# New Wilson Combat EDC X9 1911 Pistol



## farook (Jan 7, 2015)

I was hoping a senior member would start a thread on this, anyways, A double stack magazine, a 1911 from Wilson Combat. What do you have to say.






I could just keep looking at this all day. After the Super Sentinel this is the prettiest gun ever

https://www.wilsoncombat.com/edc-x9/


----------



## rustygun (Apr 8, 2013)

Beautiful looking firearm. I try not to look at it to long.


----------



## tony pasley (May 6, 2006)

Pretty gun but I am some what a purest when it comes to 1911s. I subscribe to St. John M. Browning's 10 commandment about the 1911.


----------



## farook (Jan 7, 2015)

I was wondering too from a company that makes possibly the worlds best 1911 what effort would have gone into making a deviation. No grip safety, double stack magazine. This one is worth a try.


----------



## desertman (Aug 29, 2013)

Too bad it's not a .45!


----------



## rustygun (Apr 8, 2013)

I heard they out backorder till January. That was before the NRA show. They had them at the show that was the first chance anyone could see one and hold it so I'm sure it's way past January now. there was something on the Truth About Guns website.


----------



## toddcshoe (Apr 18, 2017)

I love it. I saw a write up on it in a magazine i have already forgot the name of. I read them then pass them around to friends. Sounds like a excellent pistol. Too pricey for me but if I had the extra money would definitely be on my "to buy" list.


----------



## farook (Jan 7, 2015)

The topic of Custom Made 1911s was taken up by me sometime back in another forum and this is what one of the members had to say



> It is often said that most shooters are overly trigger conscious, and I think that is true. Having said that, the high cost of a custom 1911 is for:
> 
> Fitting the slide so that it fits to the frame with minimal play, but also works smoothly with minimal friction
> 
> ...


----------



## desertman (Aug 29, 2013)

farook said:


> The topic of Custom Made 1911s was taken up by me sometime back in another forum and this is what one of the members had to say


I guess that's all well and good but I've spent far less than $3,000 for pistols that function with total reliability. Sig's, HK's, Glocks, CZ's, S&W's, Springfield's and Ruger's to name a few. I can put all my shots within a 4 inch circle at 21 feet rapid fire with any of the aforementioned. I don't know if a $3,000 gun would make that much of a difference for me? Most law enforcement agencies in the United States are using $550 G17 Glocks. The U.S. Army has switched over to the Sig P320 which are under $600.
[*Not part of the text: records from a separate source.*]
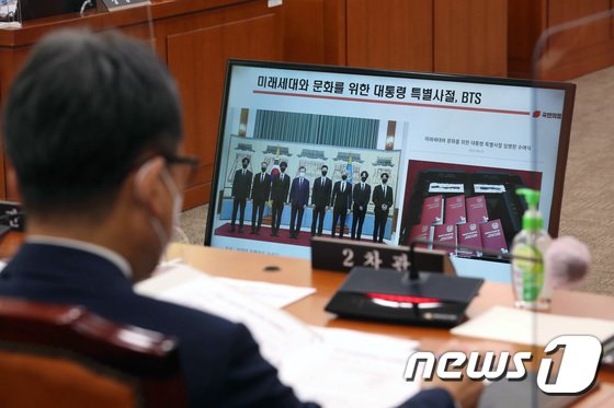 이날 국정감사에서는 UN특사 활동과 관련한 질의도 나왔다. 이용 국민의힘 의원(비례)은 BTS의 순방 비용 중 정부가 소속사에 지급한 금액에 대해 질의했다.
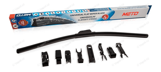 Prilagodljiv brisalec 750 mm METO Aerodinamični profil, enakomeren pritisk na steklo. Visokokakovostni prilagodljivi član brisalca zagotavlja enakomeren pritisk po celotni dolžini grafitnega rezila, kar preprečuje razmazovanje umazanije in nastanek prog. Opomba: za namestitev na vozilo po potrebi izberite ustrezen adapter (vključen) in pravilno preverite pritrditev brisalcev na roki, da preprečite zdrs brisalcev in poškodovanje stekla.
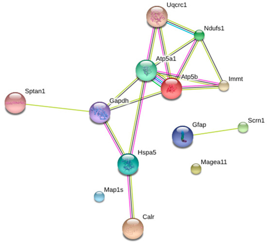Figure 3 shows a classification according to the protein–protein interactions of brain proteins differentially expressed after the starvation period. This is the classification provided by the STRING software, considering only the first 5 categories. Within the clusters: biological processes, molecular functions, cellular components, and KEGG (Kyoto Encyclopedia of Genes and Genomes) routes, we found proteins that were included in several groups simultaneously. MAP1S is also included in this classification, although this protein does not interact with any of the other proteins. Of special interest was the classification of “KEGG routes”, where the proteins ATP5A1, ATP5B, NDUFS1, and UQCRC1 participate in both oxidative phosphorylation and diseases such as Parkinson’s, Alzheimer’s, and Huntington’s.
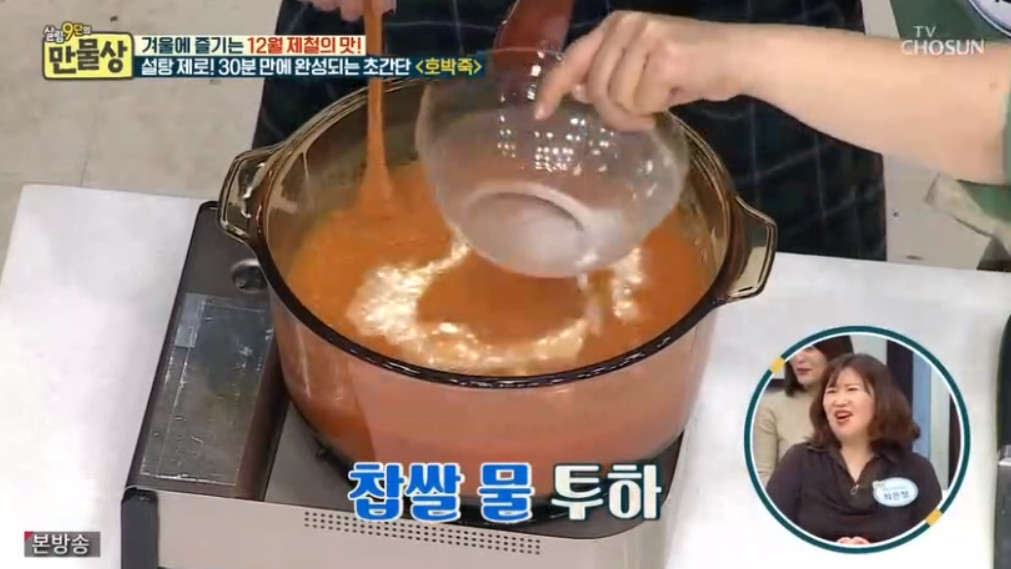 오늘 알려드리는 레시피에는 설탕이 들어가지 않는데요, 설탕 없이도 호박죽의 단맛을 최대한 살리는 이보은 요리연구가의 특급 비법은 바로 단감이라고 합니다.
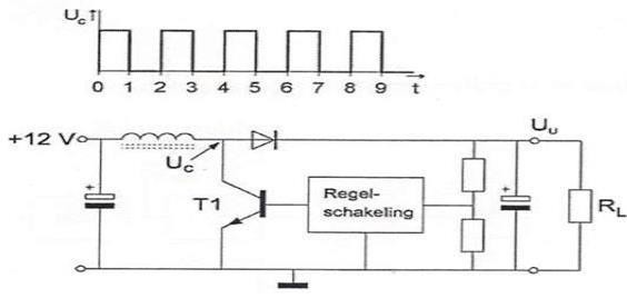 Als deze transistor afschakelt, stopt de stroom maar zal de spanning over de spoel oplopen door de energie die nog in de spoel zit.
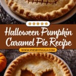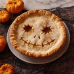 This Jack Skellington-Inspired Pumpkin Caramel Pie is a spooky and delicious treat perfect for Halloween or fall gatherings. Featuring a creamy pumpkin filling infused with warm spices, sweetened condensed milk, and swirled with decadent caramel sauce, this pie is encased in a flaky double crust with a creative Jack Skellington face design cut into the top crust. Baked to perfection with a careful two-temperature method, it combines festive presentation with comforting autumn flavors.
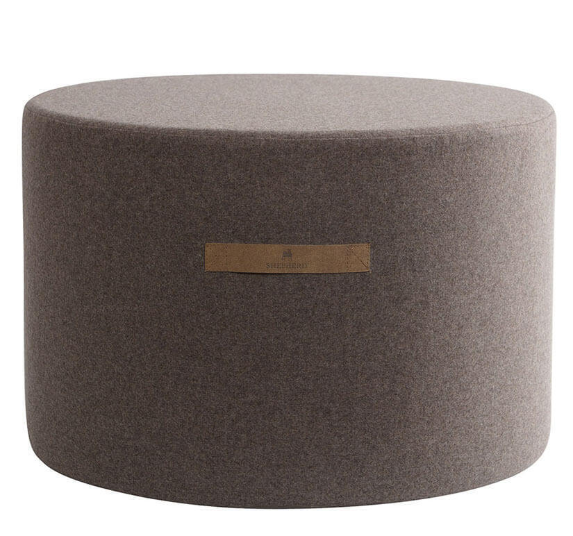 Shepherd Sara. En rund sittpuff i vävd mjuk ull. Sittpuffen är uppbyggd utav en fast del i botten som gör att puffen håller sin form och ovandel i skumgummi för bästa komfort. Den har ett dekorativt handtag i läderimitation. Puffens klädsel är avtagbar och tvättbar med dragsko i botten. Undersida i vävd textil.
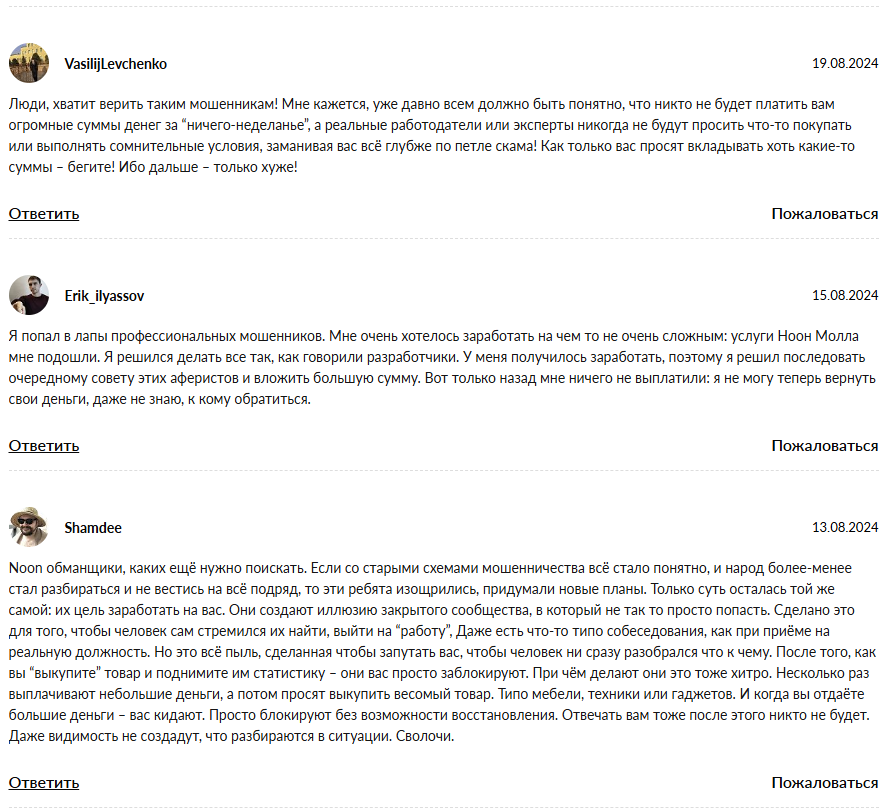 Негативные отзывы о Noon Mall содержат информацию о блокировке аккаунта на сайте, игнорировании запросов службой поддержки. Партнера обвиняют в совершении ошибки при проведении обратного выкупа и не возвращают потраченные деньги, не говоря уже о выплатах процентов.

I would imagine that with custom made guns replacement parts would also have to be hand fitted? I would also imagine that no two are exactly alike even when made buy the same gunsmith? Unlike most off the shelf 1911's of which there are a myriad of parts and accessories available that just about anyone who can completely disassemble a 1911 can install.
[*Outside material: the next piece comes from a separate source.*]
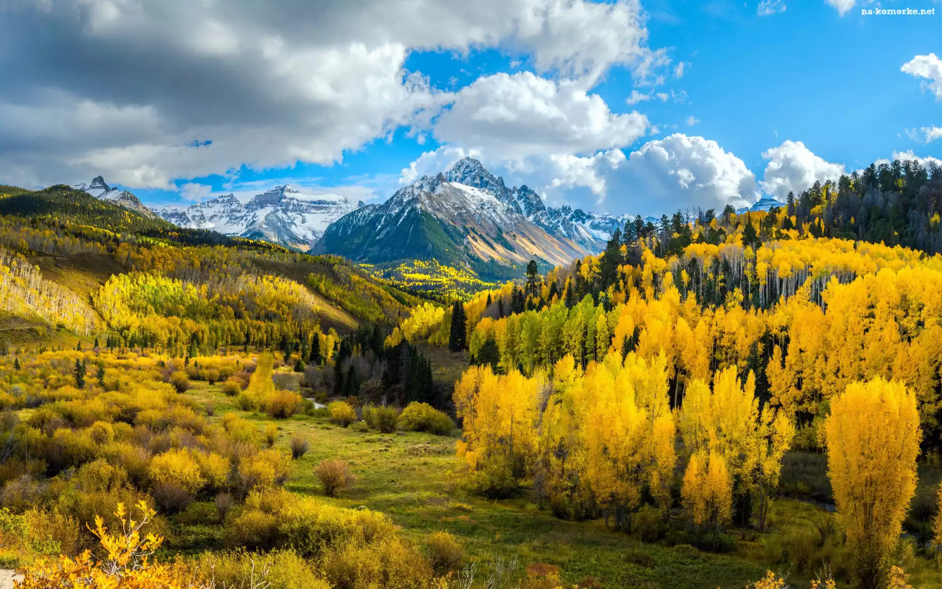 Drzewa, Góry Skaliste, Chmury, Mount Sneffels, Szczyt, Kolorado, Stany Zjednoczone, Lasy, Jesień na Komórkę |
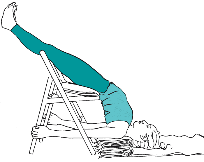Поставьте стул на расстоянии 50–60 сантиметров от стены, сидень ем внутрь комнаты. Положите у его основания сложенное одеяло (на нем будет располагаться голова), а сверху – впритык к передним ножкам стула – 2 узкосложенных одеяла, ровным краем к центру комнаты. Поместите на сиденье сложенный коврик (или 2, если у вас высокий рост). Сядьте на стул задом-наперед и свесьте ноги со спинки – так они будут создавать противовес, не давая стулу перевернуться. Держите ноги в таком положении до тех пор, пока не займете исходное положение и не организуете плечи и руки. Мягко опустите корпус вниз и уложите верхушки плеч (но не макушку головы) на стопку одеял, а затылок – на нижнее одеяло. Пропустите руки между передними ножками стула и возьмитесь за задние ножки.

While I can understand the workmanship and time that goes into Custom Made 1911's that justify their cost. I doubt that most pistolero's are going to be willing to shell out that kind of money for a 1911 or any of it's variants. However there are just enough people out there that are buying them to keep them in business. Kinda' like those who will buy a Rolls or a Bentley instead of a Cadillac or a Lincoln.

Myself? I'd rather buy two top of the line Sig's as I already have instead of one Custom 1911.


----------



## Blackhawkman (Apr 9, 2014)

You'd waste yer money on a Sig rather than a hand fit custom pistol that shoots 1 1/2 inch groups at 15 yards! C'mon

Sent from my iPhone using Tapatalk


----------



## awmp (Nov 11, 2007)

Wilson owner but waiting for all the hype to settle and then see how the pistol works out. Still just too easy to carry a 1911.


----------



## win231 (Aug 5, 2015)

I've owned a Wilson CQB. I considered it a range toy. I did hit lots of 100-yd. targets with it & it did group into less than 1" at 25 yards & it was 100% reliable. But (except for reliability) none of those qualities are important in a defensive firearm & they are costly. Any gun that groups into 4" at 25 yards is sufficient for that purpose. And reliability can be had for $500.00 - $600.00, not $3,000.00.


----------



## Blackhawkman (Apr 9, 2014)

A 45 acp in a Wilson 1911 is my vote!


Sent from my iPhone using Tapatalk


----------



## wirenut (Dec 16, 2015)

Very nice firearm. too bad I have champagne taste and a beer budget...


----------



## berettatoter (Sep 1, 2011)

Wilson Combat builds some good ones....for the price tag, they better! Traditional 1911 people would not like the external extractor, but I kinda like to see the extractor on the outside. JMHO.


----------